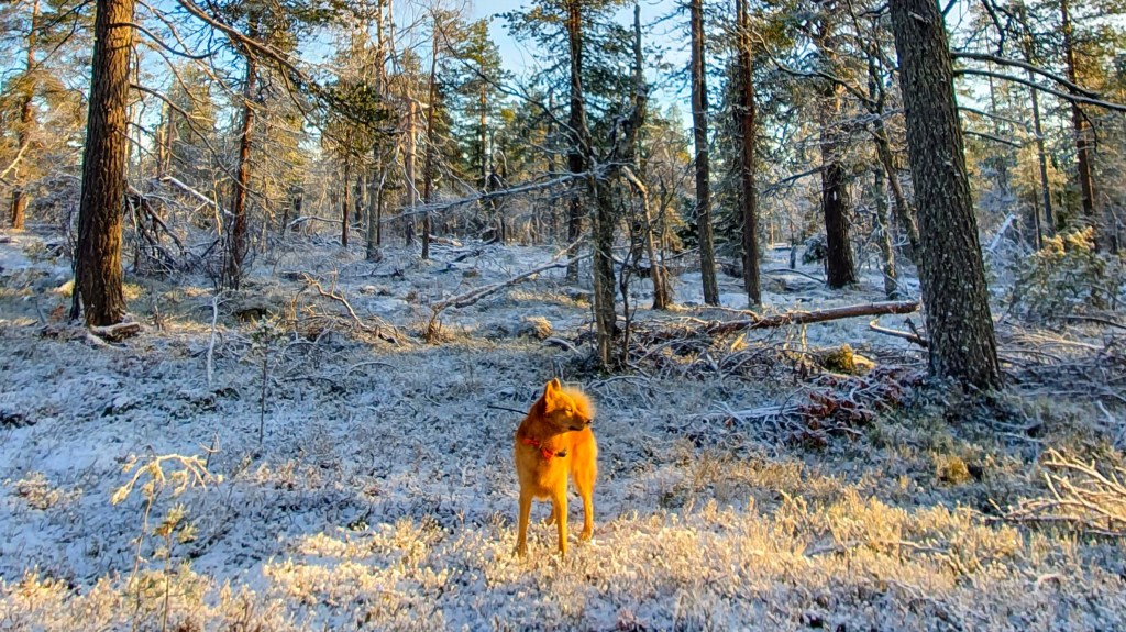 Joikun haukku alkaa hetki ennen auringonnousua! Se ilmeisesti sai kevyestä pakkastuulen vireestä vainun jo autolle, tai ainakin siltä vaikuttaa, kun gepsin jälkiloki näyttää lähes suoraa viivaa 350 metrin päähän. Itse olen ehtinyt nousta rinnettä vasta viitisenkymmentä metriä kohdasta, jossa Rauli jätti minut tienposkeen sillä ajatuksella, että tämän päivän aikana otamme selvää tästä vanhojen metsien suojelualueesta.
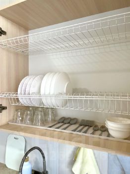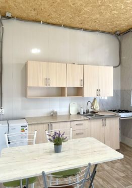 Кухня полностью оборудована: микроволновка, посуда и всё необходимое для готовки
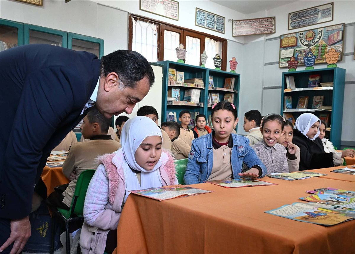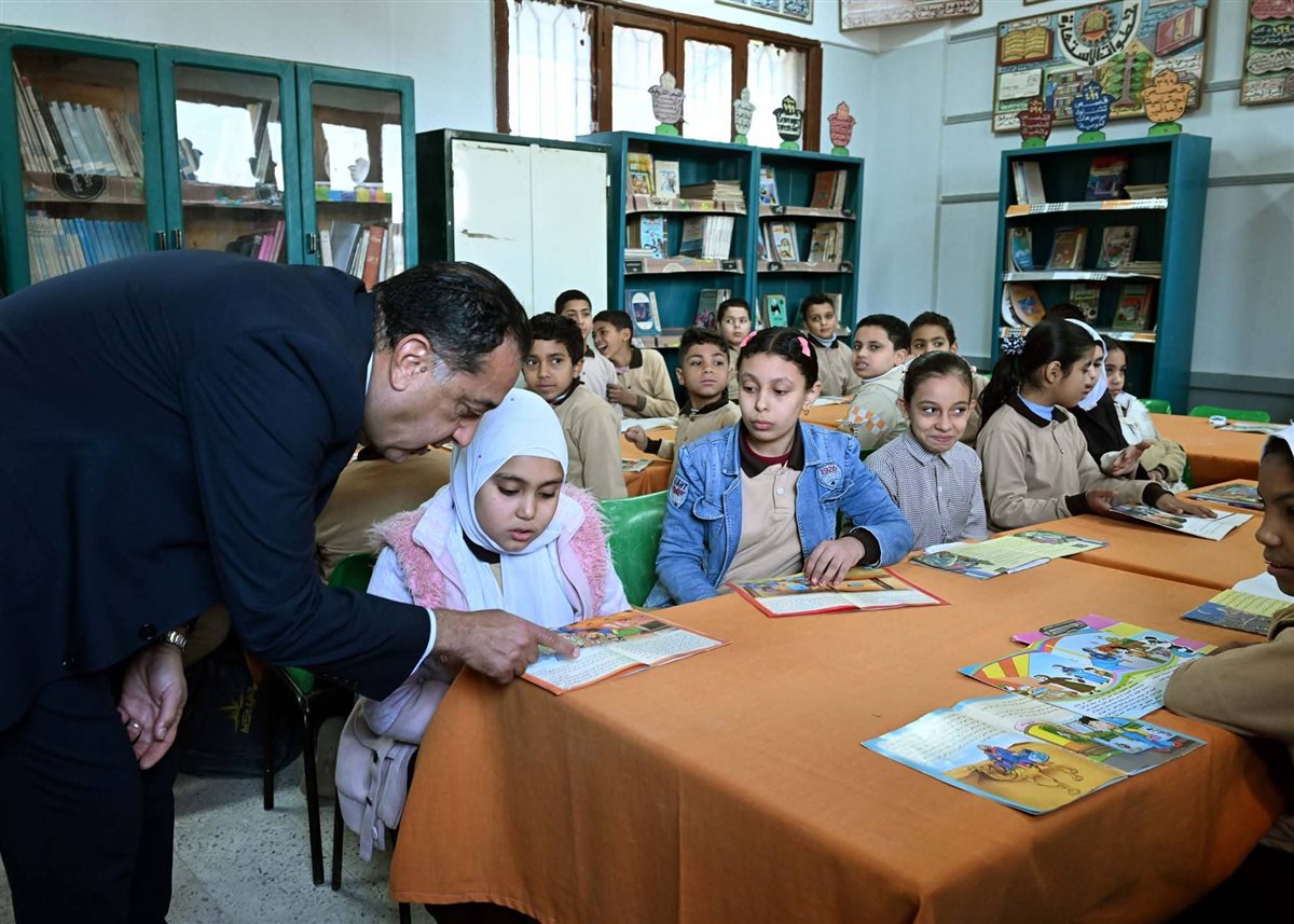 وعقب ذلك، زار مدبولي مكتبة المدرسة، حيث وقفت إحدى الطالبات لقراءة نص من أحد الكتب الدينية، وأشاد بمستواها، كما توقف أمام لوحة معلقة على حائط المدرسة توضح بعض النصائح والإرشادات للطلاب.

──────────────────────────────

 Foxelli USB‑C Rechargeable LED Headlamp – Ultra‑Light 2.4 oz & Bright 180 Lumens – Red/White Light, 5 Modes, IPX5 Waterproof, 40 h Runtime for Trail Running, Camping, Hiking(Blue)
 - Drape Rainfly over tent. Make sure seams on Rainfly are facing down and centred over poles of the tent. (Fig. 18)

──────────────────────────────

## Aim of the task
In the records above, find the line with "Joikun haukku alkaa". Print exactly from there through the line with "وعقب ذلك، زار", minus the pictures.

## Exercise response
 Joikun haukku alkaa hetki ennen auringonnousua! Se ilmeisesti sai kevyestä pakkastuulen vireestä vainun jo autolle, tai ainakin siltä vaikuttaa, kun gepsin jälkiloki näyttää lähes suoraa viivaa 350 metrin päähän. Itse olen ehtinyt nousta rinnettä vasta viitisenkymmentä metriä kohdasta, jossa Rauli jätti minut tienposkeen sillä ajatuksella, että tämän päivän aikana otamme selvää tästä vanhojen metsien suojelualueesta.
 Кухня полностью оборудована: микроволновка, посуда и всё необходимое для готовки
 وعقب ذلك، زار مدبولي مكتبة المدرسة، حيث وقفت إحدى الطالبات لقراءة نص من أحد الكتب الدينية، وأشاد بمستواها، كما توقف أمام لوحة معلقة على حائط المدرسة توضح بعض النصائح والإرشادات للطلاب.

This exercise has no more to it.